Nothing is needed except the lines below that run from the one with "The first, and" through the one with "本次安装的HCG马桶型号为A", repeated exactly.

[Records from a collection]
- - - - - - -
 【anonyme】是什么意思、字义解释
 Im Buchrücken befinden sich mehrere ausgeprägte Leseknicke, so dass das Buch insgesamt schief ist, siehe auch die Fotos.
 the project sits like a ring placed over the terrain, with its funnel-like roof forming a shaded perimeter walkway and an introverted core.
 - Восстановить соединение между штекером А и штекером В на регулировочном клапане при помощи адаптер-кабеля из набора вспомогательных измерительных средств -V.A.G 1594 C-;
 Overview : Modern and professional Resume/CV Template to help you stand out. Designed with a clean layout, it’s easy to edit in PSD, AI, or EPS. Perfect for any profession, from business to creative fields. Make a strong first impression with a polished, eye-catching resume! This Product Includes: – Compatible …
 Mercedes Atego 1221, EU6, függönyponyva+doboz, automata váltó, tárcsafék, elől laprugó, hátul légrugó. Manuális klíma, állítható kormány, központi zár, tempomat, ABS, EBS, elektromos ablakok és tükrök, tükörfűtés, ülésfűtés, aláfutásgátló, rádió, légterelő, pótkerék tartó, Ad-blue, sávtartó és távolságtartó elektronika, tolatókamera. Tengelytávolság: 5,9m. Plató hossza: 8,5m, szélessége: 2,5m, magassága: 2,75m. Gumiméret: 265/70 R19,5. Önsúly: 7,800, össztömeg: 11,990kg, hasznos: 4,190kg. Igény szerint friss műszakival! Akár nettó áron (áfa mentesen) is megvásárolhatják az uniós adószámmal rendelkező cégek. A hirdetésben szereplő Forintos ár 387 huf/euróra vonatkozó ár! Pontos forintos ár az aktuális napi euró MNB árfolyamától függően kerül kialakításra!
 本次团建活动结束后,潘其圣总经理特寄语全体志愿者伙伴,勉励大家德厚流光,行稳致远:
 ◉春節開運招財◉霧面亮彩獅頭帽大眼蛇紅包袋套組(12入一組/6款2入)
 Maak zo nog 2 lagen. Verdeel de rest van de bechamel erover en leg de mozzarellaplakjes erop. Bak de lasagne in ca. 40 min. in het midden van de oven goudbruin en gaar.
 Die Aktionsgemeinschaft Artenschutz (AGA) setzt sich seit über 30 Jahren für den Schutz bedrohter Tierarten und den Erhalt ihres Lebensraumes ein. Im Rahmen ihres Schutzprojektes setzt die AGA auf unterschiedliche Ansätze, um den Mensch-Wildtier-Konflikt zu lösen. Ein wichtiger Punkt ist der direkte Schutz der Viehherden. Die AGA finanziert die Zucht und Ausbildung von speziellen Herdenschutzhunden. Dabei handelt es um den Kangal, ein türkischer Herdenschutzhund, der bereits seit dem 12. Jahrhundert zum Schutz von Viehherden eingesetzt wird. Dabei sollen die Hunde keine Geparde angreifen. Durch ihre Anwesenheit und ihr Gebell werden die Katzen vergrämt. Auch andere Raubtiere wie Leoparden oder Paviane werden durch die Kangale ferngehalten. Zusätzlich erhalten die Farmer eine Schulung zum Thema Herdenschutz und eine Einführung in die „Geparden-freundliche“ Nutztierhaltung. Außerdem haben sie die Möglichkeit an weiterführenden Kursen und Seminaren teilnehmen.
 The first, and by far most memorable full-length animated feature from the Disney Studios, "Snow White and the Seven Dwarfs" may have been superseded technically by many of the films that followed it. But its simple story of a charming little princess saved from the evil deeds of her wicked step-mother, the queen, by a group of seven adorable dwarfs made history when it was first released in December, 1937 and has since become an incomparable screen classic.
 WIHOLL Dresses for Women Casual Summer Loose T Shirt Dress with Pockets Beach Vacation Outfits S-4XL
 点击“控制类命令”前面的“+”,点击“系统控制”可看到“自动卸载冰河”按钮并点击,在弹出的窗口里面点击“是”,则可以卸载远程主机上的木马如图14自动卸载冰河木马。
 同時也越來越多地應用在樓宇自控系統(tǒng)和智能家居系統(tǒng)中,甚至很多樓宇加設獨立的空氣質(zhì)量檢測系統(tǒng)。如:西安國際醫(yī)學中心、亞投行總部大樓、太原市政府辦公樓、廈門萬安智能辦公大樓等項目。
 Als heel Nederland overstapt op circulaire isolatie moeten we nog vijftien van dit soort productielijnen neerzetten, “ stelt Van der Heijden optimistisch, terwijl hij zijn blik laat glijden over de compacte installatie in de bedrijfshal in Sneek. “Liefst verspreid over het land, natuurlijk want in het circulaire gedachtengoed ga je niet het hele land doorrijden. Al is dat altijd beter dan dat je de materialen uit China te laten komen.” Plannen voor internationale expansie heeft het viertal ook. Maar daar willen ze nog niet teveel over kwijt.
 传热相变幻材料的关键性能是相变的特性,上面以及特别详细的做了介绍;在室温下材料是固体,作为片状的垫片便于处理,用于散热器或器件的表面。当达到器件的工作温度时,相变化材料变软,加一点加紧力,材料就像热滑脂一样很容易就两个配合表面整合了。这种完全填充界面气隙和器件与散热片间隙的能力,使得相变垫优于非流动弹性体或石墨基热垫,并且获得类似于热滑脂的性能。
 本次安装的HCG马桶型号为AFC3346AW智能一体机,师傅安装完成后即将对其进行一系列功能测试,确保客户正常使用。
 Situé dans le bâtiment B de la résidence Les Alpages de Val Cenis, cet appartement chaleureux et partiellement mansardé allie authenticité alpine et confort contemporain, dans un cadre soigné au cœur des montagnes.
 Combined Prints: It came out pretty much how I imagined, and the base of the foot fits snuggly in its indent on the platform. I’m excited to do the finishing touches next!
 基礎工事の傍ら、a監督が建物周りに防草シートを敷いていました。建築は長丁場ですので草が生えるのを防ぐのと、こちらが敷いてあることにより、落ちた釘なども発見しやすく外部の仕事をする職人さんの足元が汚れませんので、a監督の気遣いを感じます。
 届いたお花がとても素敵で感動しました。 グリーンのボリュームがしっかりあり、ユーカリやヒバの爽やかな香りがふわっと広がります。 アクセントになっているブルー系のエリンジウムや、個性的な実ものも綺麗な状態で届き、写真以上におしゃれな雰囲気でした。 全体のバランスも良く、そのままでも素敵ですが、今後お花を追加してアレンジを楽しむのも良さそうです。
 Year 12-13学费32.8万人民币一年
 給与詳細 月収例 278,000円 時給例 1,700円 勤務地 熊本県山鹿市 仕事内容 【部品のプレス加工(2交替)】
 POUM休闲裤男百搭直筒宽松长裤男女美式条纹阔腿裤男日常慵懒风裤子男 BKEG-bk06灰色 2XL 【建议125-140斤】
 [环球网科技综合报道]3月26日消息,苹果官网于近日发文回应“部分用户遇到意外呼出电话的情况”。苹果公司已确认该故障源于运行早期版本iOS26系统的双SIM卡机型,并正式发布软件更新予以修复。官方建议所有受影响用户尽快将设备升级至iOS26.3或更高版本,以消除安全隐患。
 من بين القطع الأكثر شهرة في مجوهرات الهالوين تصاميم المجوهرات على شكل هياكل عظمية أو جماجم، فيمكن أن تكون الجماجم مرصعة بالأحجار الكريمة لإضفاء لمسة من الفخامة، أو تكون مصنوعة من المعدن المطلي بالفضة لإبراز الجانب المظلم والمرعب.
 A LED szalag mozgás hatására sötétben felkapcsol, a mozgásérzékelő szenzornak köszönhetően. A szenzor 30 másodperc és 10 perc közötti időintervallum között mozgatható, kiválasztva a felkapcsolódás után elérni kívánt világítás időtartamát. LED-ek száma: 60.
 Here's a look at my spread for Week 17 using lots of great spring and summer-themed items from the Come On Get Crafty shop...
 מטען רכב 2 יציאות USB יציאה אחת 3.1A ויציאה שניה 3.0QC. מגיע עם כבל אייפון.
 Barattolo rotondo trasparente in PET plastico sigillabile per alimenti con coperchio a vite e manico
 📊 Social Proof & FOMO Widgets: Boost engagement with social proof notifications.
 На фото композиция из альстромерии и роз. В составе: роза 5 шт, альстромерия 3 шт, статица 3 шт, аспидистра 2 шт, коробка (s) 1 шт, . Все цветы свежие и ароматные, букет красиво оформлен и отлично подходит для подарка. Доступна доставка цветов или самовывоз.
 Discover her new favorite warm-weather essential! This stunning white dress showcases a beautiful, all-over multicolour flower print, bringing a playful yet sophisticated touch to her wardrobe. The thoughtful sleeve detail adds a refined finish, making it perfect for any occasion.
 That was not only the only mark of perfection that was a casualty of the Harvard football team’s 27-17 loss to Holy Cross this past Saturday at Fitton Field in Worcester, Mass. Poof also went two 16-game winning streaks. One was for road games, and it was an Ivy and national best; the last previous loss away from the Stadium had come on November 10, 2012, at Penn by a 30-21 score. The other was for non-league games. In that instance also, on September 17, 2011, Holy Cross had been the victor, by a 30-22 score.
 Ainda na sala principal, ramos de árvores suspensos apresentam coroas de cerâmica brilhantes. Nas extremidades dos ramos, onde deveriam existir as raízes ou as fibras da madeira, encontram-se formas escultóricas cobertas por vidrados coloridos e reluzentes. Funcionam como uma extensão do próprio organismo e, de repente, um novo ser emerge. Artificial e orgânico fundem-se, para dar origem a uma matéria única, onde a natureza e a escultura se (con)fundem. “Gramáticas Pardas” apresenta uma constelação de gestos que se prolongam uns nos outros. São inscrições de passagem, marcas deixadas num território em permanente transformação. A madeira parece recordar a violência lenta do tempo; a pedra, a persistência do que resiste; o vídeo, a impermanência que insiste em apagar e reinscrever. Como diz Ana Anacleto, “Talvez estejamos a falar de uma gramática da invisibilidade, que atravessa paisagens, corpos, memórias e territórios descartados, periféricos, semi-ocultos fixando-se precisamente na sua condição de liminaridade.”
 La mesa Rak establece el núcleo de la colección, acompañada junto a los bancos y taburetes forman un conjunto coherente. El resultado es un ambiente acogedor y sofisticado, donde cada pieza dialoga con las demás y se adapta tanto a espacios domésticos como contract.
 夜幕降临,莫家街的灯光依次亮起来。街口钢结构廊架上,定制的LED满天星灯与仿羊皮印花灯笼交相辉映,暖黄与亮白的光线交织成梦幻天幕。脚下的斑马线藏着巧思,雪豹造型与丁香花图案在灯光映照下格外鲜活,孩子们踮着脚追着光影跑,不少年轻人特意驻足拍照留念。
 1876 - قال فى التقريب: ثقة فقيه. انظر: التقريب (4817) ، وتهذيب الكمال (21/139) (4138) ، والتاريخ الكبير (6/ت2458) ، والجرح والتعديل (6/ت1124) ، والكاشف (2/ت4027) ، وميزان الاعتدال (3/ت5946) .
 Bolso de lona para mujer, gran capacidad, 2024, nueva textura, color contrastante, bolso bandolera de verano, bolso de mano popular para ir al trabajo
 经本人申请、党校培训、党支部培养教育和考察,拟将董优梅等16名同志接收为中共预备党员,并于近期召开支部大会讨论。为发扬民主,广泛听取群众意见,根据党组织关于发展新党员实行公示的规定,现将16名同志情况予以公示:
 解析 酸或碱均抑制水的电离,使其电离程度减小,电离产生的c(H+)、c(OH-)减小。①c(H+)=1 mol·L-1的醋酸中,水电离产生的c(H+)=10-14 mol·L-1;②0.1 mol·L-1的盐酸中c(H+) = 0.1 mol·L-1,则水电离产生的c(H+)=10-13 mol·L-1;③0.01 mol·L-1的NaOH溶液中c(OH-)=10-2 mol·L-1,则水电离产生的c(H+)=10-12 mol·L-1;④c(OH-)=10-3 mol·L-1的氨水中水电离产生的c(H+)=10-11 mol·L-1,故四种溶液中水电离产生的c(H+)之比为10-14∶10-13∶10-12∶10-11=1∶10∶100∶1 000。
- - - - - - -
▸ OUTPUT OF THE EXERCISE
 The first, and by far most memorable full-length animated feature from the Disney Studios, "Snow White and the Seven Dwarfs" may have been superseded technically by many of the films that followed it. But its simple story of a charming little princess saved from the evil deeds of her wicked step-mother, the queen, by a group of seven adorable dwarfs made history when it was first released in December, 1937 and has since become an incomparable screen classic.
 WIHOLL Dresses for Women Casual Summer Loose T Shirt Dress with Pockets Beach Vacation Outfits S-4XL
 点击“控制类命令”前面的“+”,点击“系统控制”可看到“自动卸载冰河”按钮并点击,在弹出的窗口里面点击“是”,则可以卸载远程主机上的木马如图14自动卸载冰河木马。
 同時也越來越多地應用在樓宇自控系統(tǒng)和智能家居系統(tǒng)中,甚至很多樓宇加設獨立的空氣質(zhì)量檢測系統(tǒng)。如:西安國際醫(yī)學中心、亞投行總部大樓、太原市政府辦公樓、廈門萬安智能辦公大樓等項目。
 Als heel Nederland overstapt op circulaire isolatie moeten we nog vijftien van dit soort productielijnen neerzetten, “ stelt Van der Heijden optimistisch, terwijl hij zijn blik laat glijden over de compacte installatie in de bedrijfshal in Sneek. “Liefst verspreid over het land, natuurlijk want in het circulaire gedachtengoed ga je niet het hele land doorrijden. Al is dat altijd beter dan dat je de materialen uit China te laten komen.” Plannen voor internationale expansie heeft het viertal ook. Maar daar willen ze nog niet teveel over kwijt.
 传热相变幻材料的关键性能是相变的特性,上面以及特别详细的做了介绍;在室温下材料是固体,作为片状的垫片便于处理,用于散热器或器件的表面。当达到器件的工作温度时,相变化材料变软,加一点加紧力,材料就像热滑脂一样很容易就两个配合表面整合了。这种完全填充界面气隙和器件与散热片间隙的能力,使得相变垫优于非流动弹性体或石墨基热垫,并且获得类似于热滑脂的性能。
 本次安装的HCG马桶型号为AFC3346AW智能一体机,师傅安装完成后即将对其进行一系列功能测试,确保客户正常使用。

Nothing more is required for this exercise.